- [Goal of the exercise] Beginning at the line with "The column section" in the records below, return each line up to and including the last, exactly as it stands, but not the pictures.
Available data: Begin
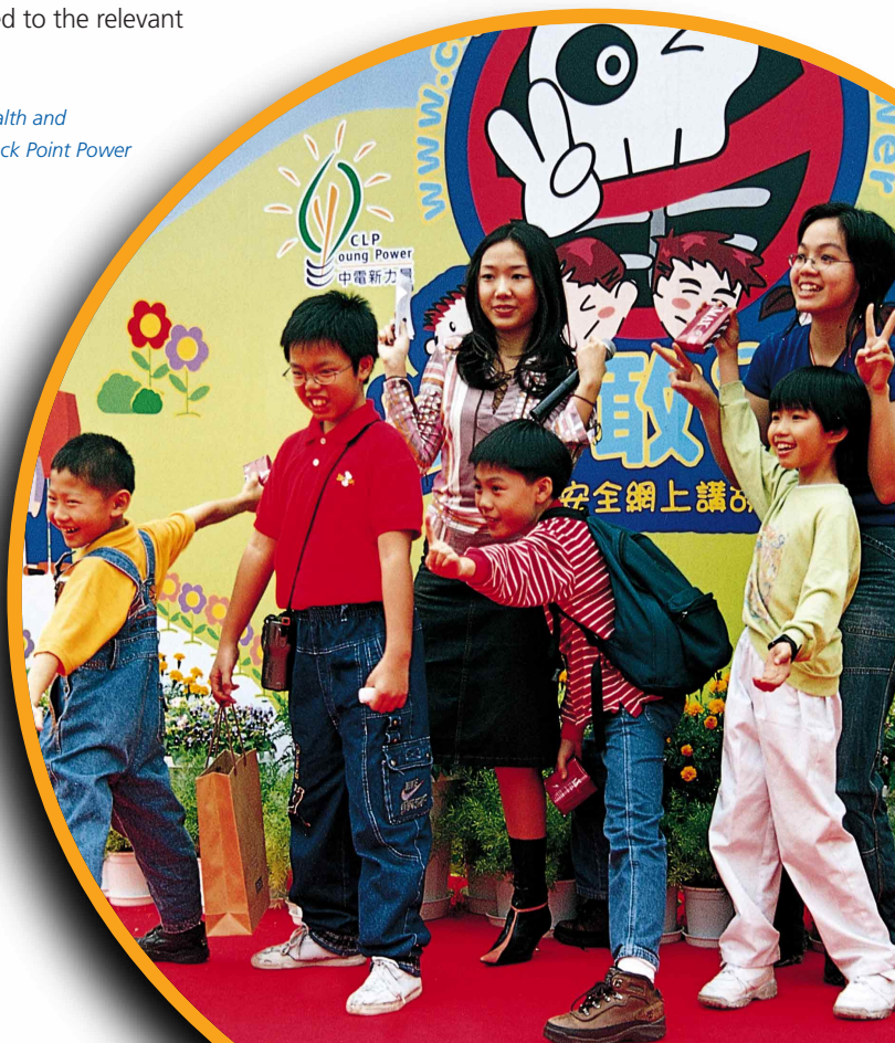
CLP Power's Safety, Health and Environment Day at Black Point Power Station

authorities. Everything possible will be done to ensure that this never happens again. CLP has made massive efforts to promote safety in all areas of its operations. This accident was a stark reminder of the need for constant vigilance and attention to safety as we carry on our business, day after day. We are committed to continuous improvement in our safety performance and a constant drive to zero accident levels across our business.
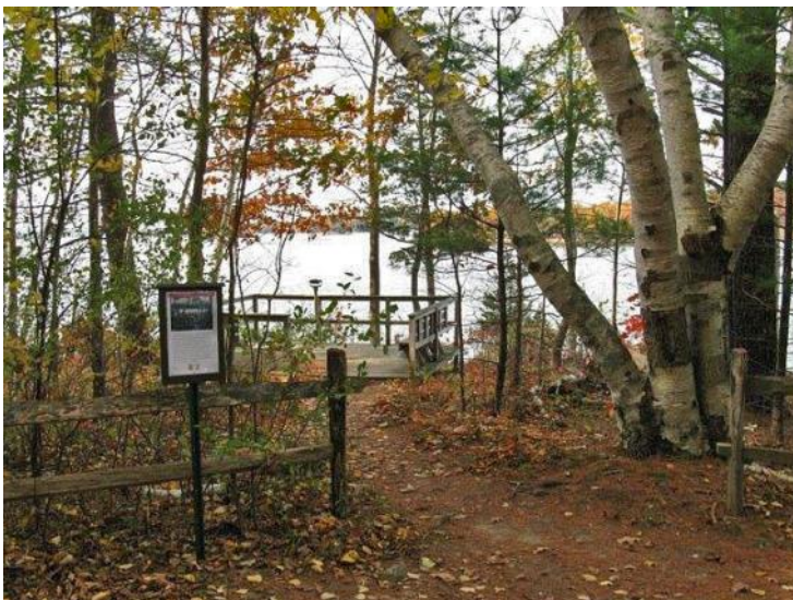
An observation deck along the Ferry Way Trail affords a view of Great Bay and the site where the Furber Ferry once operated.
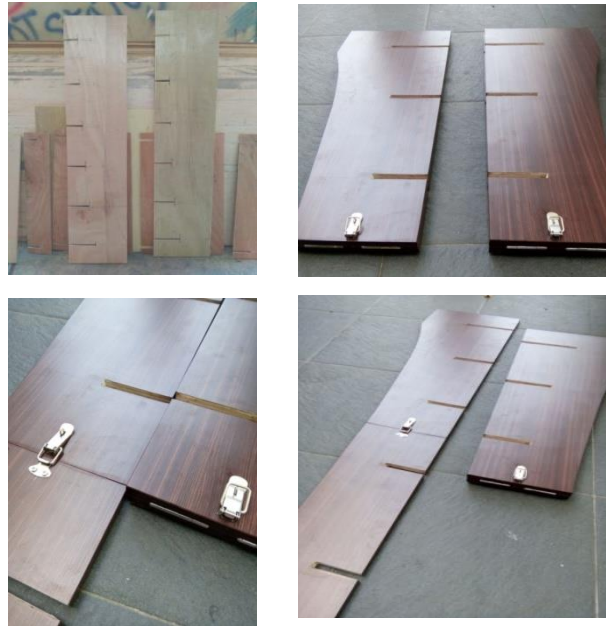
Figure 5. column section

The column section is the part that supports the whole other part. This section is a structural part so that the rack can stand firm. The height of the section of this column is 140 cm. Because it uses the concept of easy and efficient, a folding system is made to be easily carried when you want to use. The folding process is by dividing the length of the column into two parts then for the unification process using hinges and hooks.
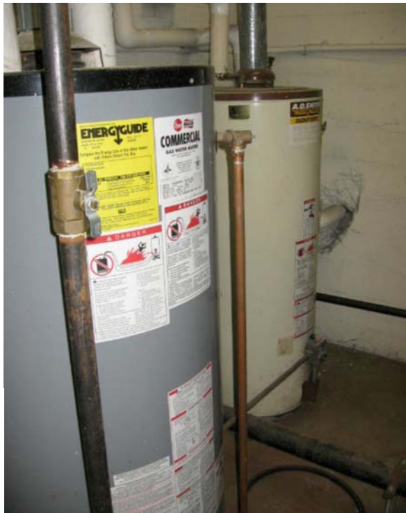
#2 — There are two gas-fired DHW tanks. Efficiency is 65%±. Replace with one indirect fired tank served by an efficient (93%) gas-fired boiler.
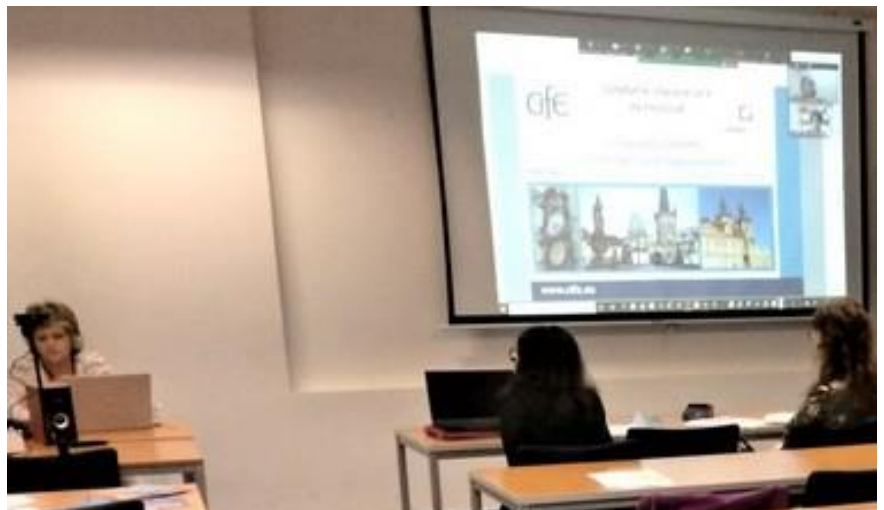
Presentation of the students

Director of the Summer university program of CIFE.
Available data: End
- [Output for this task]
The column section is the part that supports the whole other part. This section is a structural part so that the rack can stand firm. The height of the section of this column is 140 cm. Because it uses the concept of easy and efficient, a folding system is made to be easily carried when you want to use. The folding process is by dividing the length of the column into two parts then for the unification process using hinges and hooks.
#2 — There are two gas-fired DHW tanks. Efficiency is 65%±. Replace with one indirect fired tank served by an efficient (93%) gas-fired boiler.
Presentation of the students

Director of the Summer university program of CIFE.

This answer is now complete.